DATA: Begin

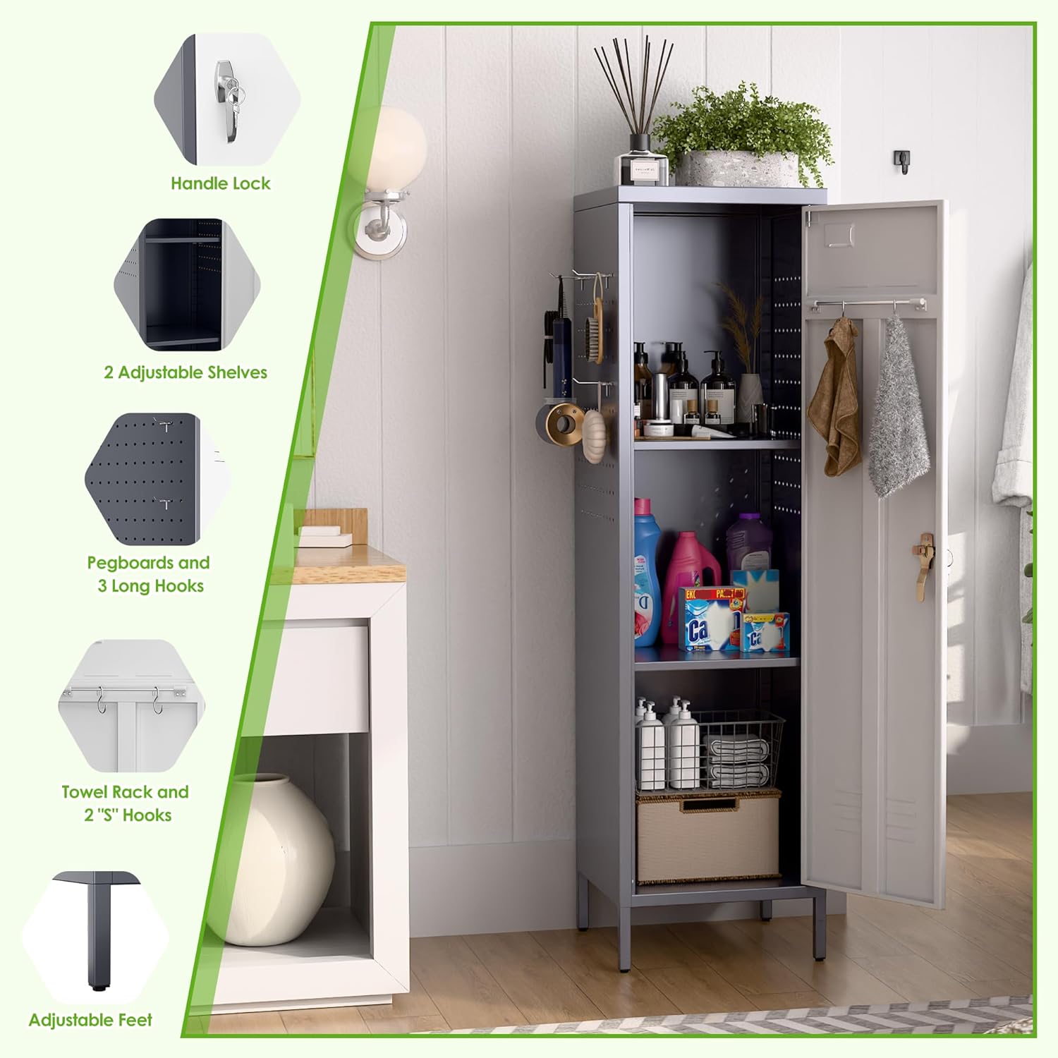 Aobabo Metal 54" H Metal Storage Locker for Employees, Lockable 1 Door with Towel Rack and 2 Side Pegboards with Hooks for Home School Office Gym, Assembly Required (Gray White)
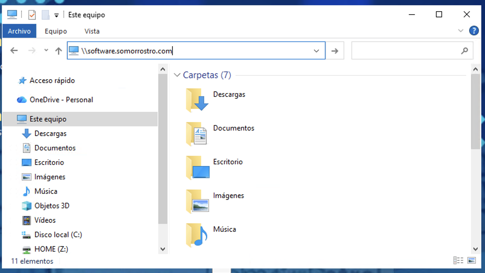 2. Haz clic en la barra de direcciones (arriba) y escribe \\software.somorrostro.com. Pulsa Enter.
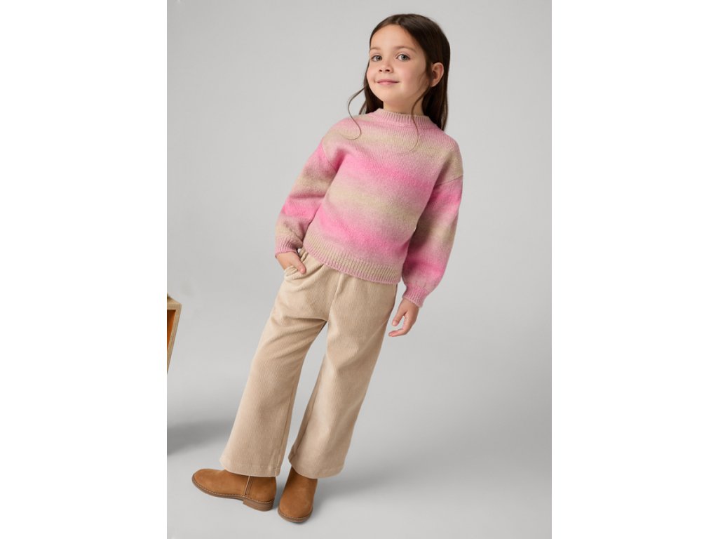Dívčí manšestrové kalhoty volného střihu s nařaseným pasem.
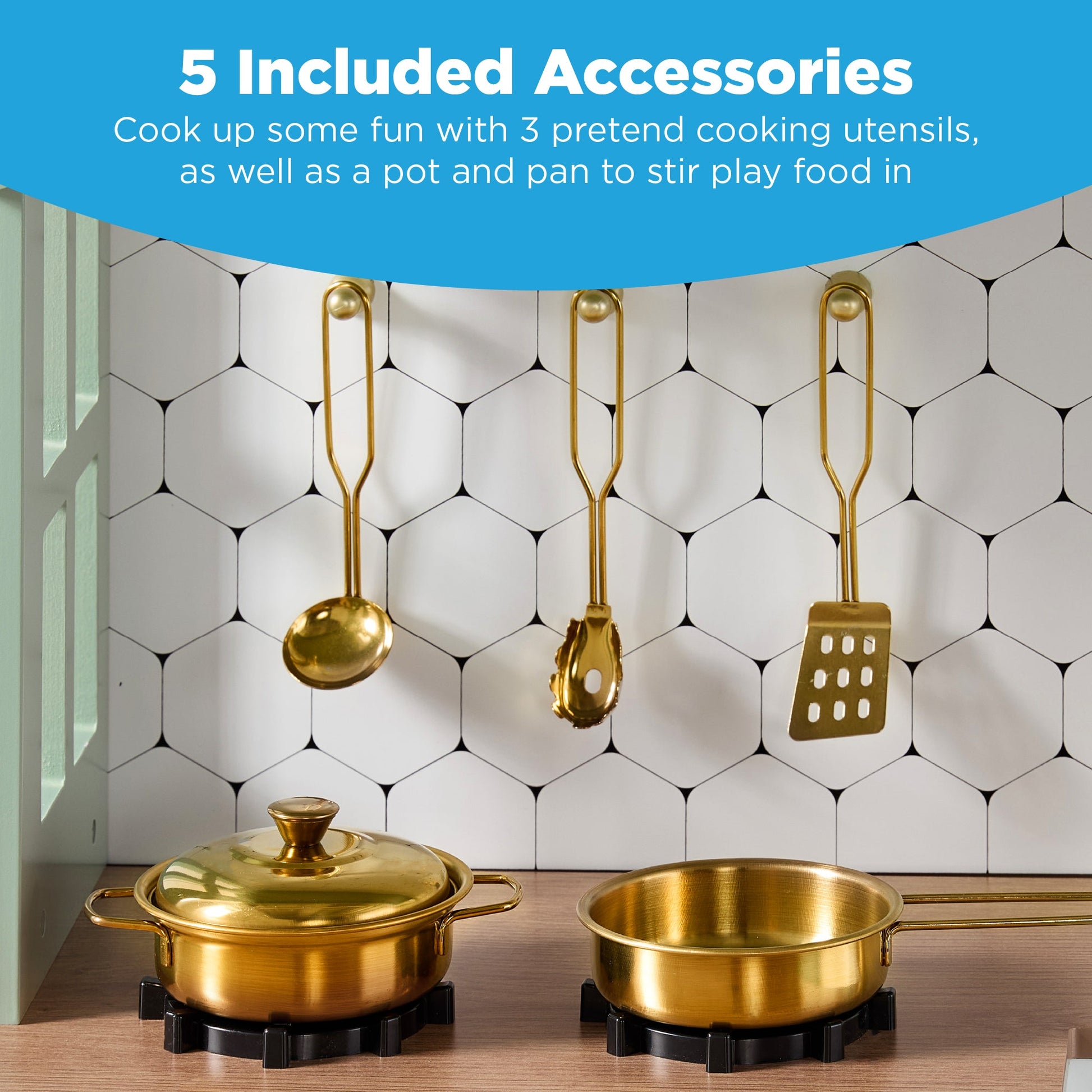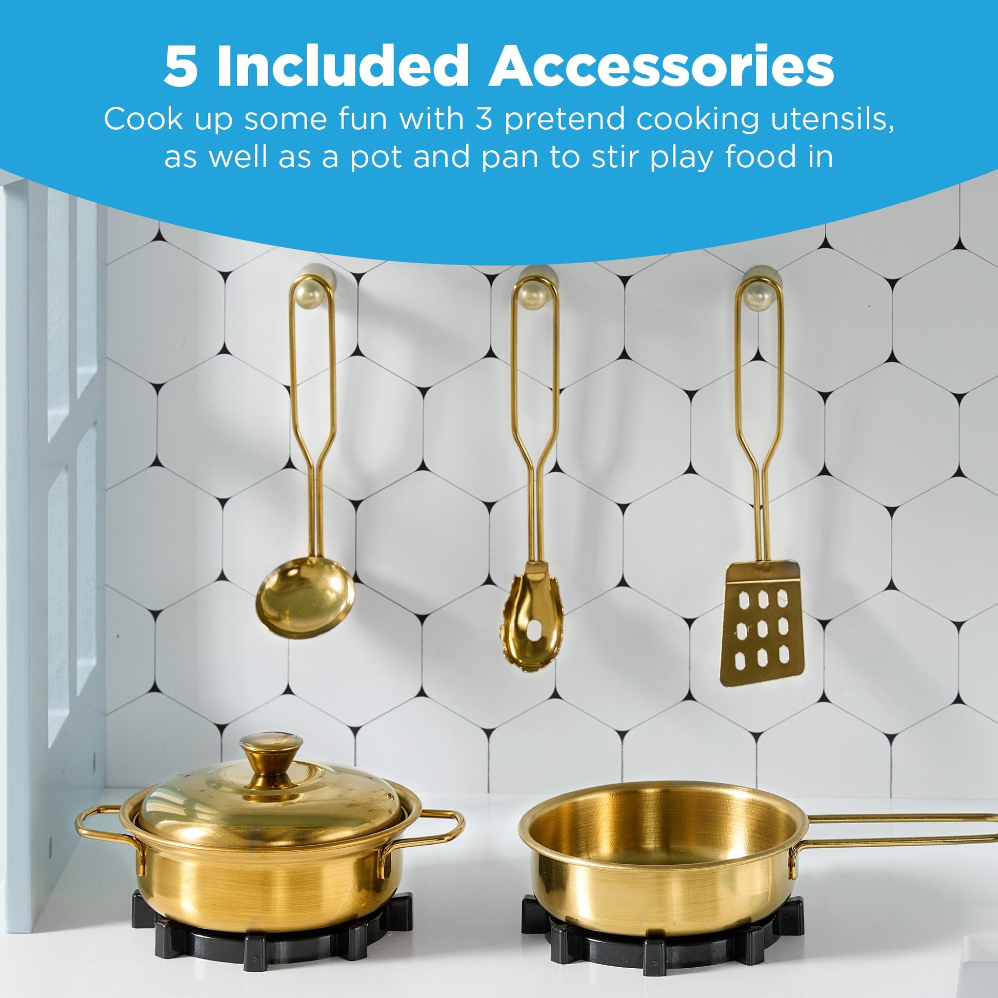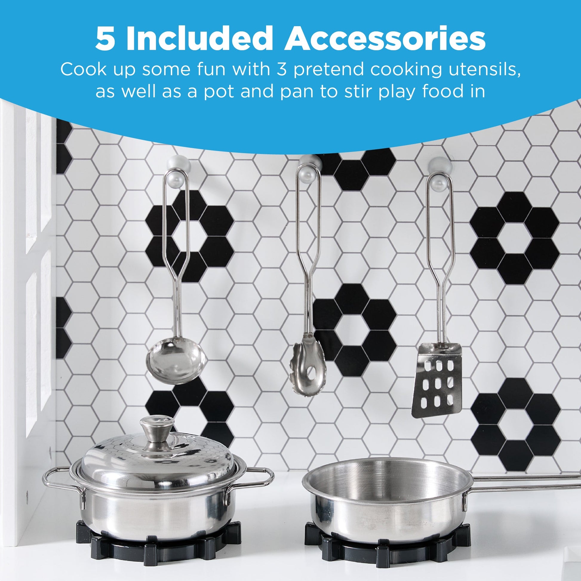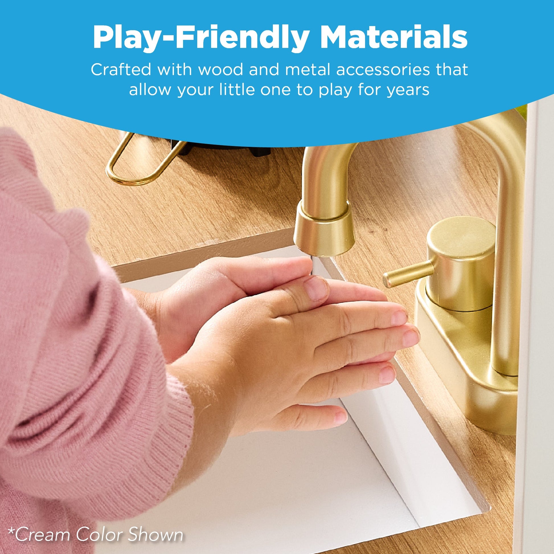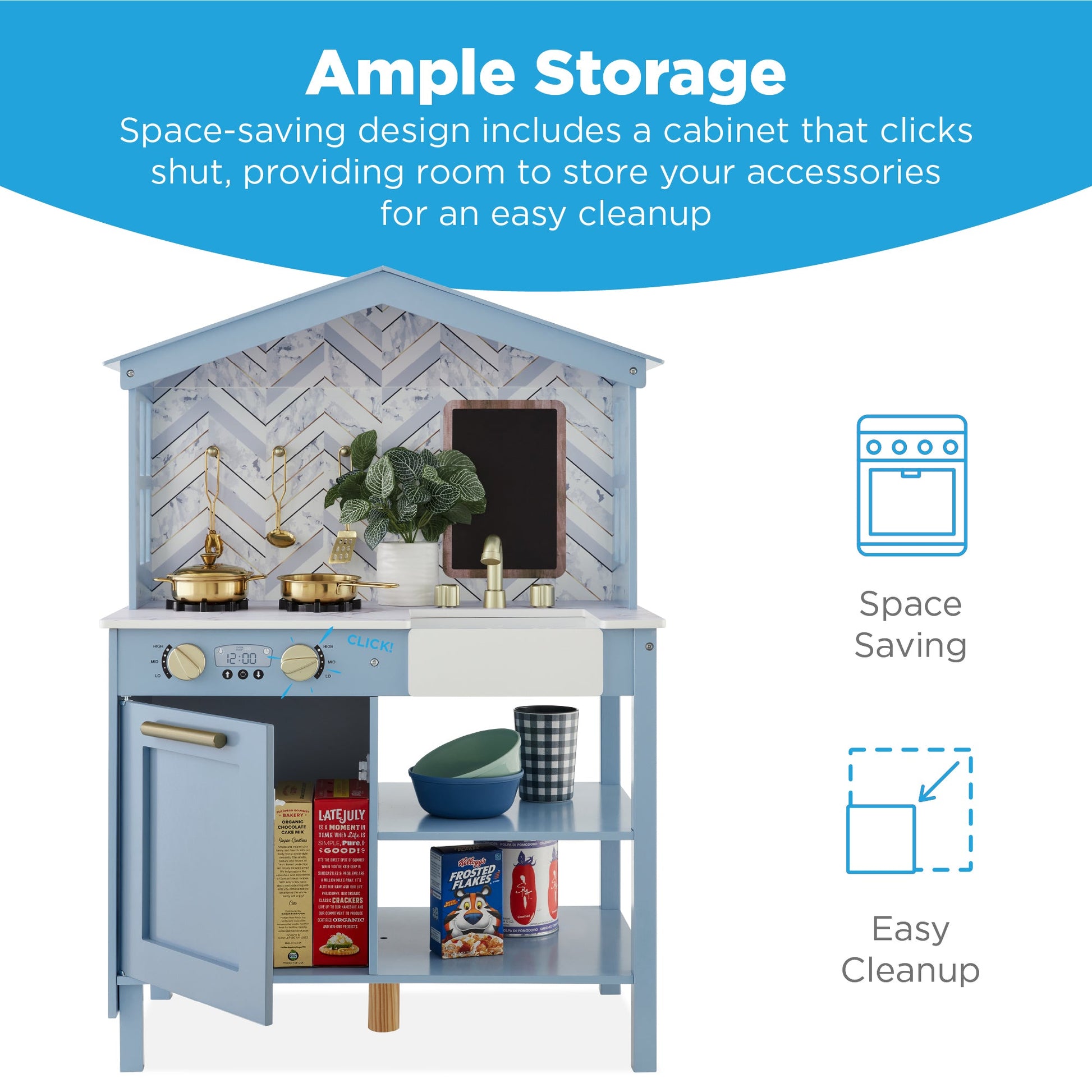 Pretend Play Wooden Farmhouse Kitchen Set w/ Storage, 5 Accessories
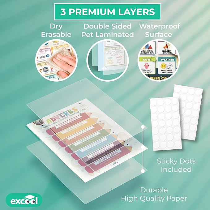 EXCOOL CLUB 9 Parts Of Speech Posters For Classroom Decor - Boho English Grammar Posters For Elementary, Laminated Ela Poster For Middle School Classroom Must Haves, Language Arts Teacher Supplies
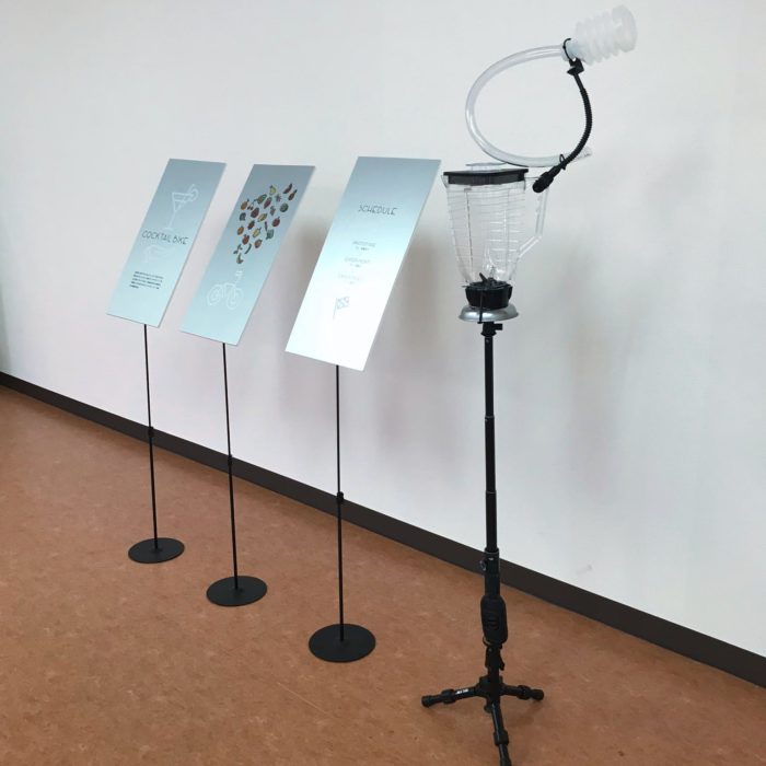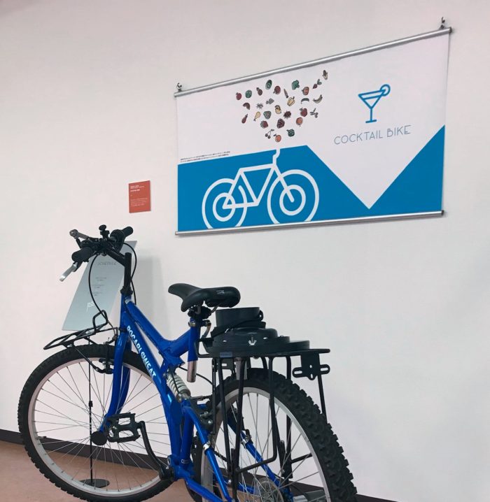 ちなみに、カクテル自転車は、ボリス・ヴィアンの小説「うたかたの日々」に登場するカクテル・ピアノに由来している。その仕組は定かでないが、後の映画では機械仕掛けの奇妙な装置として描かれる。一方、カクテル自転車は自転車の傾きによって食材が落下し、前輪によってブレンダーが回転する。プリミティブな仕掛けによって、味わい深いカクテルが出来上がることを期待したい。
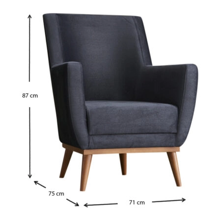 Μπερζέρα – πολυθρόνα Gonca βελούδινη χρώμα ανθρακί 71x75x87εκ.
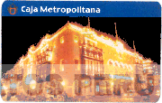 El logotipo conformado por una figura rectangular en cuya parte superior se aprecia la denominación CAJA METROPOLITANA escrita en letras características precedida por la figura de un escudo, ambos sobre una franja horizontal, asimismo, en la parte central se observa la fotografía del frontis de un edificio republicano iluminado; todo en los colores azul, blanco, anaranjado, negro y amarillo; conforme al modelo adjunto
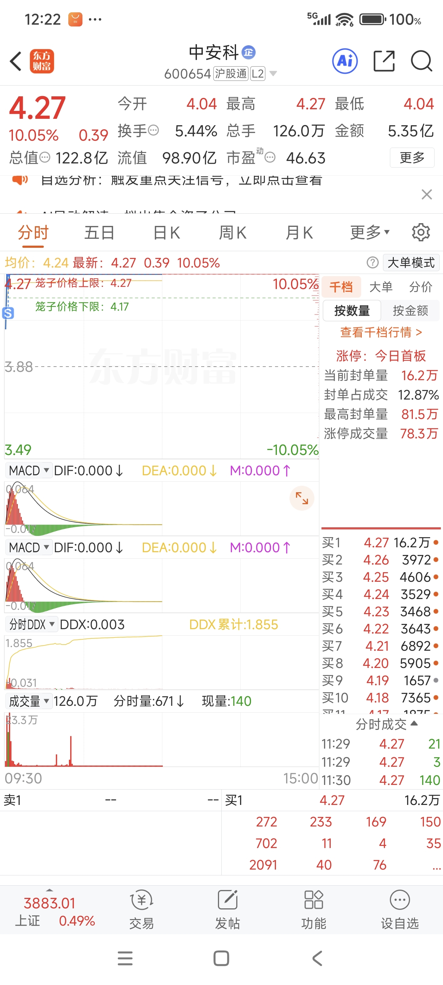 涨停卖了,应该还要涨,等钱用没法,谢谢中安。
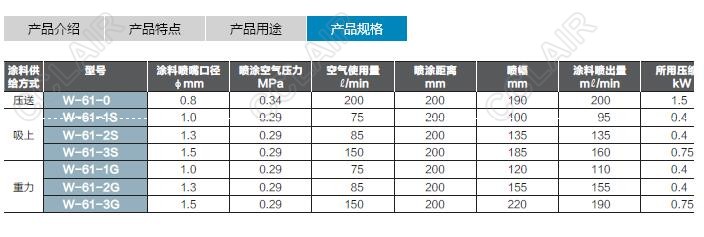 W-61-0,W-61-1S,W-61-2S,W-61-3S,W-61-1G,W-61-2G,W-61-3G,W-61小型噴槍
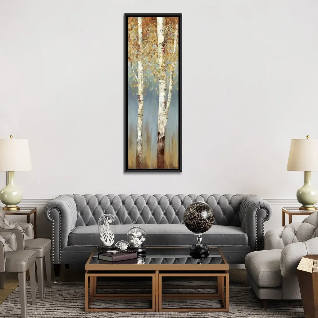 Icanvas "Butterscotch Birch Trees Ii" By Allison Pearce Framed Canvas Print - 72x24 - Black

DATA: End

Without the pictures, return the whole of the data exactly as given.

* _RESPONSE TO THIS EXERCISE_:
 Aobabo Metal 54" H Metal Storage Locker for Employees, Lockable 1 Door with Towel Rack and 2 Side Pegboards with Hooks for Home School Office Gym, Assembly Required (Gray White)
 2. Haz clic en la barra de direcciones (arriba) y escribe \\software.somorrostro.com. Pulsa Enter.
Dívčí manšestrové kalhoty volného střihu s nařaseným pasem.
 Pretend Play Wooden Farmhouse Kitchen Set w/ Storage, 5 Accessories
 EXCOOL CLUB 9 Parts Of Speech Posters For Classroom Decor - Boho English Grammar Posters For Elementary, Laminated Ela Poster For Middle School Classroom Must Haves, Language Arts Teacher Supplies
 ちなみに、カクテル自転車は、ボリス・ヴィアンの小説「うたかたの日々」に登場するカクテル・ピアノに由来している。その仕組は定かでないが、後の映画では機械仕掛けの奇妙な装置として描かれる。一方、カクテル自転車は自転車の傾きによって食材が落下し、前輪によってブレンダーが回転する。プリミティブな仕掛けによって、味わい深いカクテルが出来上がることを期待したい。
 Μπερζέρα – πολυθρόνα Gonca βελούδινη χρώμα ανθρακί 71x75x87εκ.
 El logotipo conformado por una figura rectangular en cuya parte superior se aprecia la denominación CAJA METROPOLITANA escrita en letras características precedida por la figura de un escudo, ambos sobre una franja horizontal, asimismo, en la parte central se observa la fotografía del frontis de un edificio republicano iluminado; todo en los colores azul, blanco, anaranjado, negro y amarillo; conforme al modelo adjunto
 涨停卖了,应该还要涨,等钱用没法,谢谢中安。
 W-61-0,W-61-1S,W-61-2S,W-61-3S,W-61-1G,W-61-2G,W-61-3G,W-61小型噴槍
 Icanvas "Butterscotch Birch Trees Ii" By Allison Pearce Framed Canvas Print - 72x24 - Black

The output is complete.